It feels fake, or like one of those elaborate internet hoaxes made up by someone with a lot of time on their hands. When David Bowie passed, we all thought his official Facebook page had been hacked – mostly because none of us had known he was sick. When it was first reported back in November that David Lynch was suffering from emphysema and was unable to walk across a room without help, I braced myself.
I don’t put too many people on a pedestal, and I try to stay away from engaging in anything that feels parasocial – but Lynch is just… different. The rules of art and life and society and cinema, whatever is considered the standard, or the norm – it just doesn’t really apply here. Lynch, from the moment he released Eraserhead out into the world, was his own entity. He moved through life with whimsy and joy, and made art that was dark and vivid and terrifying. He wrote a book about transcendental meditation. He founded a screenwriting MFA – which I thought was fake and/or a cult until I met someone who was close to graduation. They told me Lynch would hop in on a Zoom call once a month, say something that would absolutely blow their minds, and then disappear into the ether. They said he was mindblowing even when he wasn’t necessarily trying to be.
I got into Twin Peaks a little bit later on in life, in my 20s, in order to impress a guy. The crush never materialized, but a full-blown obsession emerged. At the time, I was in graduate school studying poetry somewhere in West Virginia, and something horrible had happened to me that affected both my work and school life. As an escape, I pretended the lush landscape of Appalachia was actually somewhere in Twin Peaks, Washington. I dressed like Audrey Horne. I smoked cigarettes. I got four tattoos, the fourth being a matching one with someone I no longer speak to. I got my dad into the show, and now he owns a Funko pop based on every main character. Twin Peaks was the jumping-off point – and I slowly made my way through his entire filmography. Blonde girls and blue light and unconventional love and so many cigarettes and uncomfortable sex scenes – that’s Lynch, but that’s not even the half of it.
I could tell you to start with Wild at Heart and follow up with Mulholland Drive and then make your way down to Inland Empire and Eraserhead – or vice versa if you’re feeling frisky – or start with Twin Peaks and chase it with The Return – but there’s no right or wrong way. Each Lynch project is almost its own lifeform, its own special thing – once you’re hooked, you’re hooked (and then suddenly you’re filling your tiny apartment up with Twin Peaks merchandise from 1990 than you found on eBay instead of paying your student loans).

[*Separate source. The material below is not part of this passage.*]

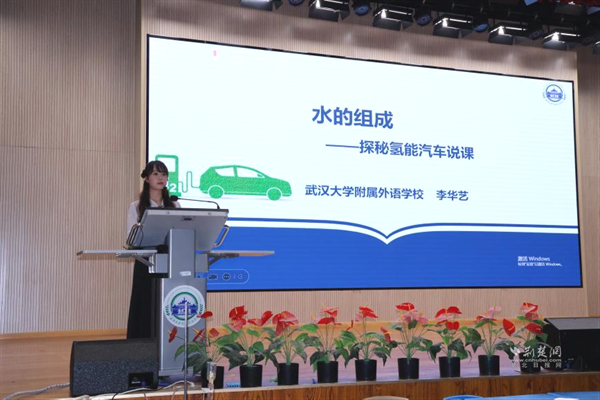 武漢大學(xué)附屬外語學(xué)校李華藝老師執(zhí)教《水的組成——探秘氫能汽車》展示課。課程以新能源汽車為線索,設(shè)計四大項目,學(xué)生通過海報、角色扮演等形式展示探究成果。李老師引導(dǎo)學(xué)生從宏觀、微觀、符號三重視角認識水的組成,最終用電解產(chǎn)生的氫能讓小車現(xiàn)場行駛,實現(xiàn)化學(xué)與科技的有機融合。說課環(huán)節(jié)中,她介紹項目圍繞“氫能汽車如何工作”展開,借助AI模擬生產(chǎn)過程,讓學(xué)生感受化學(xué)的實踐價值。

Lynch isn’t here anymore, and I don’t know what to do with myself. Part of my job is getting to ask artists about the art they make, and I’m really sad that I didn’t get the chance to chat with him. I, like so many fans who make art of their own, still have so many questions. But he would probably tell me to look to the moon, or something. He would point at the stars, or to a can of Coke. He would say that we already have all the answers. The owls are not what they seem. One day the sadness will end.
Twin Peaks, Twin Peaks: Fire Walk with Me, and Twin Peaks: The Return are streaming now on Showtime. Mulholland Drive, Inland Empire, and Eraserhead are streaming now on Max. You’re welcome.